We unpack hot topics about Australia's system of government with author of Beyond Federation Dr Klaas Woldring. Do you understand what is in the Australian Constitution? 

By
Anneke Boudewijn. Pamela Cook
Published on
Wednesday, August 30, 2017 - 11:08
File size
4.5 MB
Duration
9 min 47 sec

Part 2 - Does our Constitution need a rewrite?

Do you understand what is in the Australian Constitution? Dr Woldring says it's an "archaic" document that many people are unfamiliar with.
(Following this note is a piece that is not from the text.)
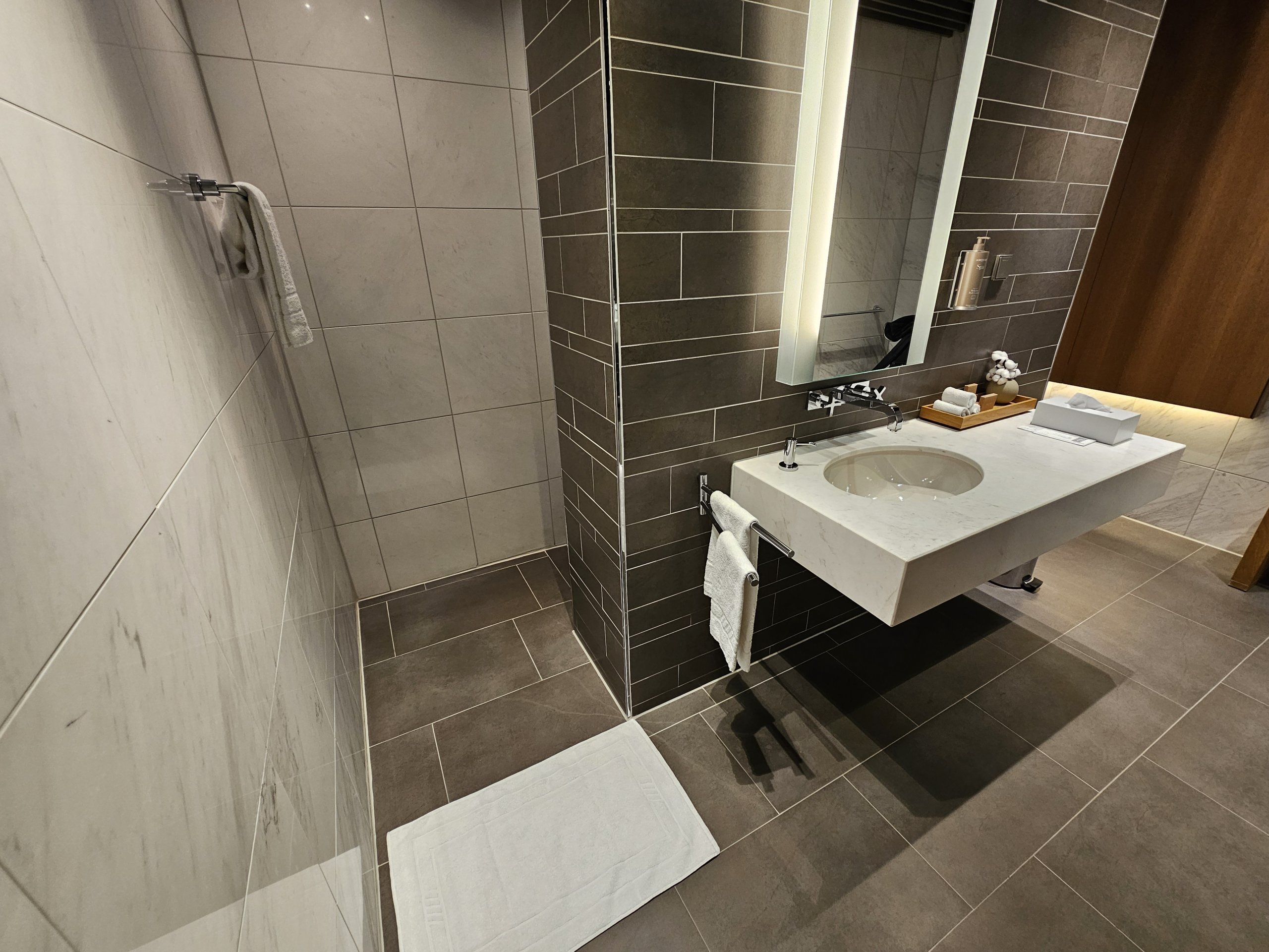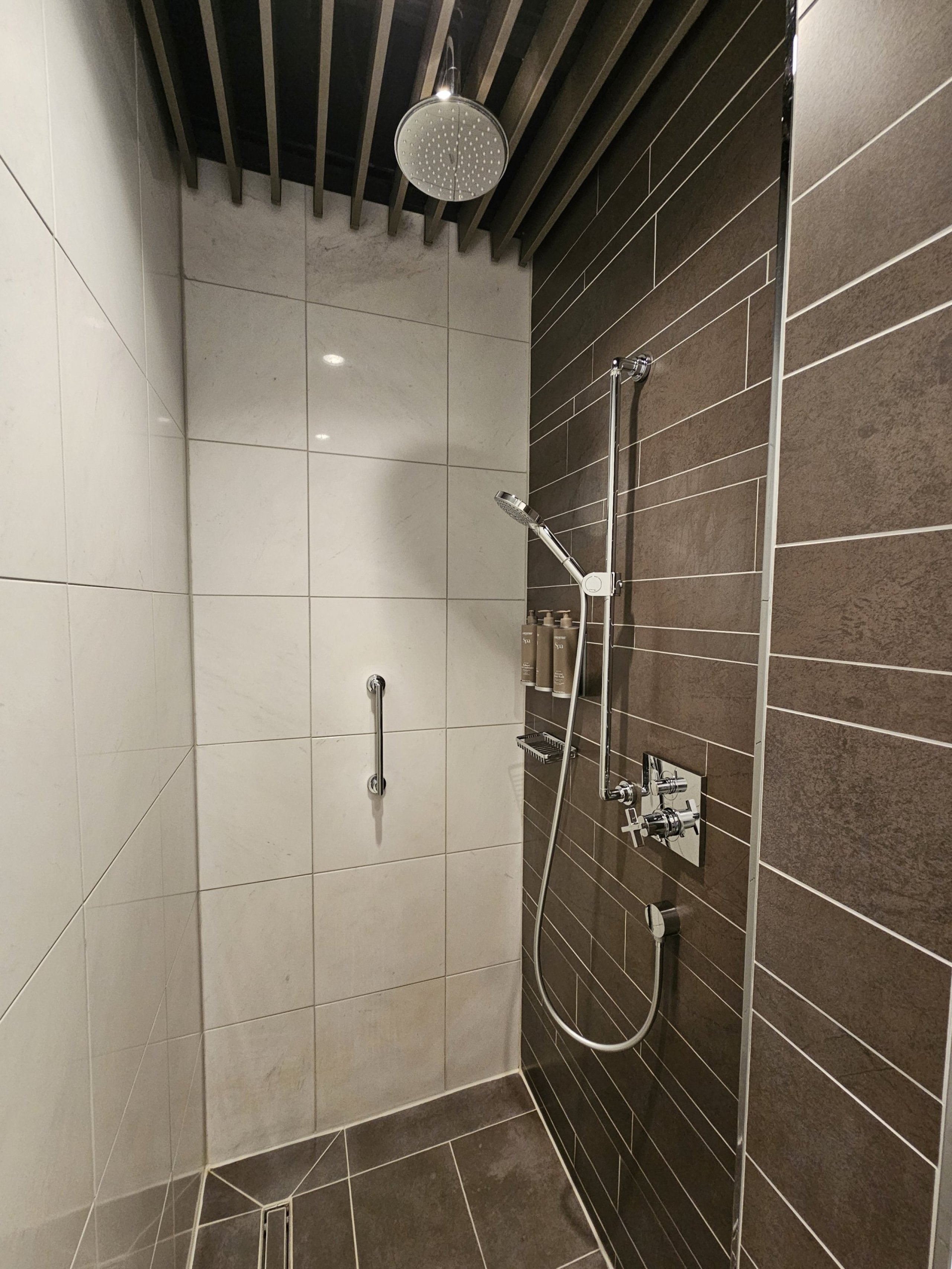 Efter en lång flygning på 14 timmar kommer en stor och ren dusch väl till pass.

What missing from the Constitution?

Speaking to SBS Dutch, Dr Woldring lists many key areas he says are missing from the Constitution:

  • The Prime Minister isn't mentioned
  • When it comes to committing the country to war, there is no requirement for parliamentary approval or discussion or vote
  • Local government isn't mentioned
  • It scarcely mentions existence of political parties or the reality of the political system
  • No bill of rights 
  • No provision for reconciliation with or representation of indigenous peoples
  • No provision for protection for the environment
  • No provision for election of diversity of representatives in both houses of parliament
  • No provision for cabinet ministers from outside the legislature
  • Does not state that the government derives its authority from the people's sovereignty
  • Does not protect parliamentary democracy
  • Does not address the position of women

 

Changing the Constitution

Changing or removing the Constitution can only happen with a referendum. However, Dr Woldring says it's "almost impossible" to get referendums accepted in Australia.

There is a process for changing the Constitution:

  1. A proposed change must be approved by the Parliament and then be put to Australians in a referendum.

  2. All Australian citizens on the electoral roll vote 'yes' or 'no' to the proposed change.

The referendum passes if it's approved by a majority of voters in a majority of states and with an overall majority of voters across the country, what's called a' double majority'. Territory voters are only counted in the national majority.

Dr Woldring says our two-party system makes changing the Constitution even harder, if one party does not agree with the change.